Tuesday, November 7, 2017

Air Force Has Ownership in Texas Massacre

by Pa Rock
Citizen Journalist

Twenty years ago Congress passed an amendment to Omnibus Consolidated Appropriations Act of 1997 that went on to impact both the sale of guns and the functioning of the United States military.  The amendment, commonly known at the "Lautenberg Amendment" for its author, Senator Frank Lautenberg of New Jersey, was actually titled the "Domestic Violence Offender Gun Ban."  It bans access to firearms and ammunition by people convicted of domestic violence.

The Lautenberg Amendment is good legislation, perhaps the last sensible effort to address the indiscriminate flooding of American society with guns.  Domestic abusers are often violent and irrational, conditions which make them unfit to possess firearms.  A report out today on National Public Radio (NPR) states that "in a majority of mass shootings, the shooter's current or former partner, or another family member, is among the victims."  A well-armed domestic abuser is a tragedy waiting to happen.

Members of our armed forces are trained in the use of weapons, and they are expected to be ready to use weapons in the service of their country.  The Lautenberg Amendment made no exceptions for military service men and women.  Any member of the military convicted of domestic abuse is, by law, banned from having access to firearms - and that is as it should be.   Consequently, those military personnel are normally put out of the service because they can no longer perform the most basic aspect of their military duties.

I worked as a civilian social worker with the military from 2005 until 2014, and a portion of my duties involved working with domestic abusers and their victims.  I can strongly attest to the fact that there was much resentment in the military toward the Lautenberg Amendment, particularly by commanders, and there was constant pressure to minimize domestic violence so as to preserve the expensive assets of personnel who were already enlisted and trained.   Once domestic violence was alleged and adjudicated, the units were denied the use of individuals who were well trained and battle-hardened, people whose displacement would eventually result in the hiring of more raw recruits.

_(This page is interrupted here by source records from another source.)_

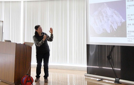 10時から武蔵境の武蔵野スイングホール・スカイルームで開催された。会場一杯の92名の聴衆が小松氏の身振り手振り豊かな熱のこもった講演に聴き入った。小松氏は秋田県出身の登山家・写真家で、高校1年生の時、大平山に登頂し、町を見下ろす景色に感銘を受けて登山を始めた。ヒマラヤを夢見て東海大学登山部に進み、厳しい訓練の中で環境を切り拓く力を養った。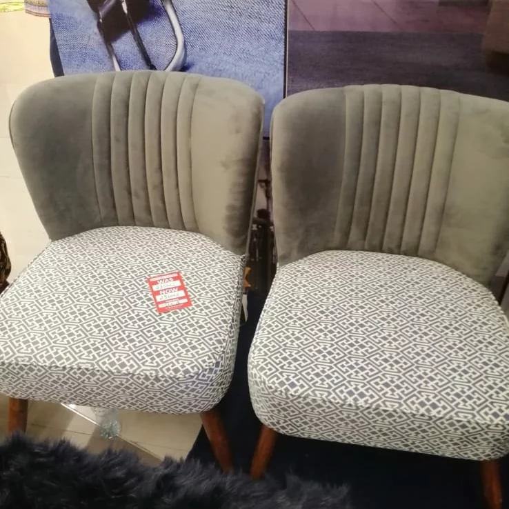 This is a chair set which has 2 chairs and 1 center table. The chairs are light brown from the front and are brown pattern printed on the back. The chairs have wooden legs and the wood used is Acacia. The center table has a top of glass and on the sides the Multi-color print is used. The table legs are made from Acacia wood.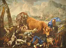 Castiglione was famous for his ability to paint animals, mostly farm animals, and they were often a dominant motif in his paintings. For example, in the painting of Jesus clearing the temple of Moneylenders, the religious event is a minor, background part of the painting, the stampede of animals is far more prominent than the scattering of bankers. Castiglione's attention to detail in the depiction of nature is regarded as proof of the influence of Scorza and the Flemish still life and animal painter Jan Roos who was a long-term resident of Genoa.[7] It has been suggested that it was Jan Roos who convinced Castiglione to enliven his religious and mythological compositions with animal and still-life elements.[8]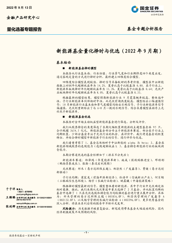 【国金证券】【20220913】量化选基专题报告:新能源基金量化择时与优选(2022年9月期)-20页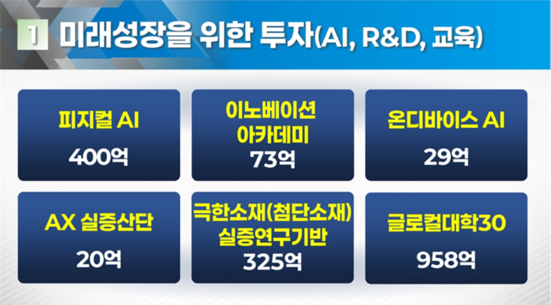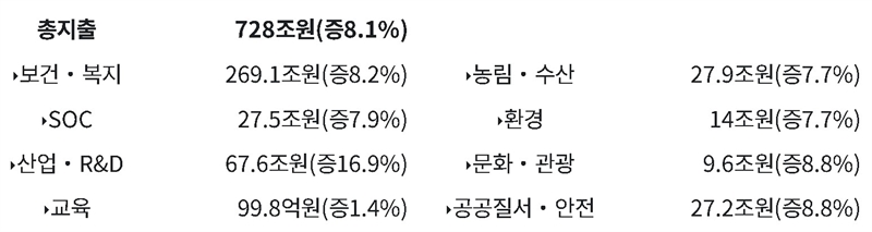 내년 정부예산안 증가율은 8.1%(728조, 전년 대비 54조 7천억 증액)로, 인공지능(AI)와 연구개발(R&D), 균형발전, 저출생·고령화 대응 및 사회안전망 강화, 국민안전 확보 등에 중점을 뒀다.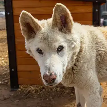 Paw and nose print created by Australian Dingo Glacier, who spent nearly his entire life at Wild Spirit along with his mother and two brothers. He joined our Big Pack in the Sky and was reunited with his family in 2024. Glacier was an incredibly charismatic fellow, who loved soaking up the attention of the humans around him. Glacier disliked waiting for his meal, as well as being shifted indoors during the winter. True to his name, he believed he should remain outside in -30 degrees F . . . We respectfully disagreed.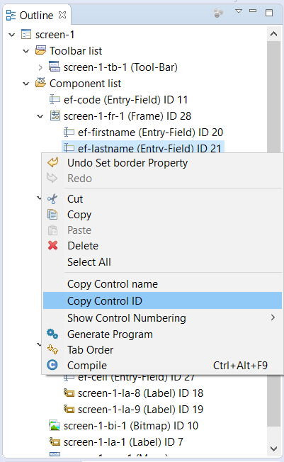 The Outline view in screen painter has been enhanced to show the controls’ ID, and the context menu of the control now has “Copy Control name” and “Copy Control ID” options to copy names and IDs to the system clipboard.
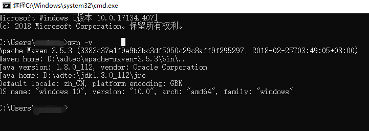2.4验证maven环境配置,打开cmd,输入mvn -v。如果出现以下内容代表配置成功。注意:验证时需确定jdk环境变量是否已配置,若没有配置jdk环境变量,则会验证失败。

Among senior officers and NCO's, the Lautenberg Amendment was often mocked and reviled.

Imagine my lack of surprise when I read yesterday that the shooter at the Baptist Church in Sutherland Springs, Texas, Devin Patrick Kelley, had been able to legally purchase the guns that he used in the massacre because the Air Force had neglected  to enter his domestic abuse conviction into the National Criminal Information Center database - an entry that would have produced a red flag when he attempted to buy a gun or ammunition from licensed dealers.  Kelley, in fact, passed two background checks by gun dealers.

The Air Force is blaming this screw-up on the Office of Special Investigations at Holloman Air Force Base in New Mexico where Kelley was stationed at the time of the incident and where he fractured the skull of his infant step-son.  He should have been entered into the NCIC database for two reasons:  first, he was convicted of a crime for which a penalty of more than a year in prison could have been imposed;  and second, he was convicted of the specific crime of domestic abuse.

Two reasons to be entered into the NCIC database and denied the ability to legally purchase guns, yet there was an "oversight" and Devin Patrick Kelley was able to buy guns and annihilate a large group of people at the little church where his ex-wife and in-laws regularly worshiped.

Even the Air Force is able to recognize the pungent odor of pig manure, and it has called on the Pentagon's Inspector General to to snoop through the reporting habits of all of the branches of service to see if these "oversights" are, in fact, common practice.

I'm betting that will be another case where the results don't surprise me.

The United States Air Force owns some of what happened in Sutherland Springs - and so does the  leadership of the entire U.S. military for its sustained antagonism toward a piece of sensible and necessary gun legislation.

Wearing a uniform does not exempt anyone from following the law.

1 comment:

Xobekim said...

I recommend that everyone read in the ruling to Voisine v. United States, 59 U.S. ___ (2016). The SCOTUSblog reports it at http://www.scotusblog.com/case-files/cases/voisine-v-united-states/. While the timing of this case occurs after the finding of domestic abuse after the conviction of Devin Patrick Kelley it serves as a strengthening of the Lautenberg Amendment.

The case turns on the mens rea or culpable state of mind requirements for domestic abuse employed in 18 U. S. C. §922(g)(9), the Lautenberg Amendment. By a 6-2 margin the Amendment held that domestic abuse convictions, IN COURTS OF RECORD, preclude possession of firearms by the abuser. Courts of record simply mean cases not tried in city court or by a justice of the peace. For the standard to be met the defendant must have the full protections of the criminal justice system including discovery, right to counsel, trial by jury, and of course the proceedings are recorded by an official court reporter. If the defendant wants to appeal there must be a court reporter. It is important that our local prosecutors file the domestic abuse charges in a court of record.

A footnote to the dissent, Justice Sotomayor joined with Justice Thomas. I think she did so to drag the court back to the position of having the Model Penal Code’s mens rea standards applied more consistently by courts hearing criminal law matters. Too often the mens rea is assumed from the criminal act, called the actus reus.